Черт, а на моем берегу даже жилья никакого нет поблизости! Все там, на противоположном. Стоп! А дорога? Та самая, которую мы перелетели перед падением? Я что, перескочил ее и не заметил? Да не может этого быть! Ну-ка, куда она на карте ведет? А так вдоль берега и тянется. В левую сторону до ближайшего жилья очень далеко, а вот вправо… Да, там есть несколько разбросанных единичных квадратиков. И до ближайшего всего лишь несколько километров. А если точнее, прикинул на глазок, то в километрах или верстах (все время сбиваюсь) в трех, даже чуть меньше, какие-то явно хутора обозначены. Зачем они мне? А есть потому что очень хочется! Где я зимой себе еду найду? Охотиться? Да я вас умоляю! А вот купить ее совсем другое дело. Деньги-то у меня трофейные есть…

Черт, точно! Вот я дуб! Они же действительно – трофейные! Значит, что? А то, что они не местные, а чужие, немецкие марки… С ними я в этой Румынии спалюсь на раз.

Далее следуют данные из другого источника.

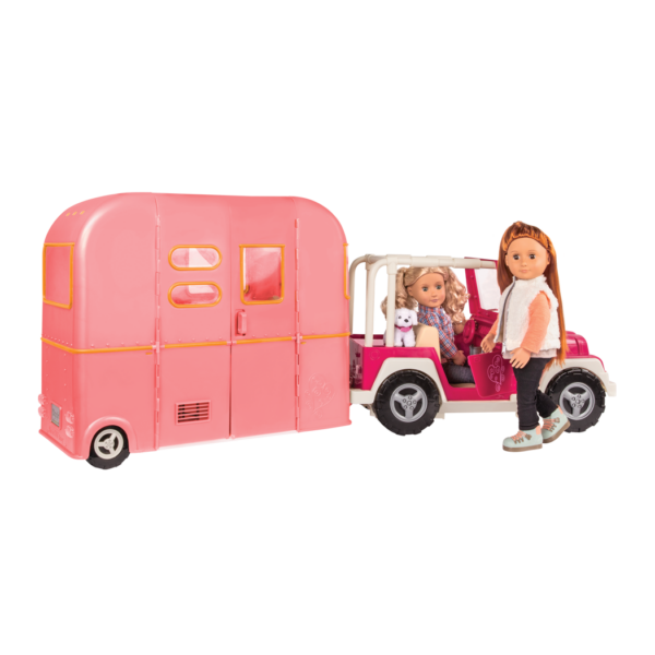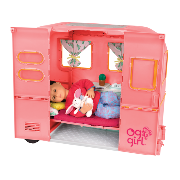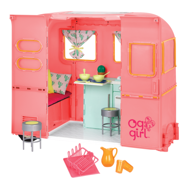 - 28-pc Pink RV Camper: get ready for fun and adventure on the open road with the Our Generation R.V. Seeing You Camper for 18-inch dolls!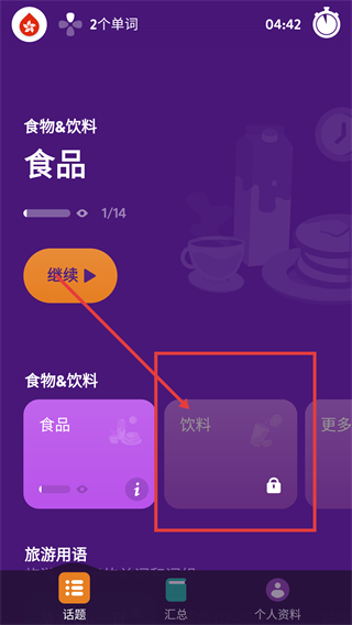 1、在话题页面点击【饮料】选项,会触发话题锁定提示,这类内容需要解锁才能学习哦。

И все же нужно точно со своим местоположением определиться. А вдруг это уже не румынский Дунай? Вдруг это уже какая-нибудь Австрия?

Еще раз глянул на карту. Да, вполне может подобное быть. Я же не знаю ни времени нашего полета, ни расстояния, которое мы пролетели, да даже дальности этого аппарата и то не знаю. Может быть, он, как и наш «Муромец», вполне способен до нее добраться?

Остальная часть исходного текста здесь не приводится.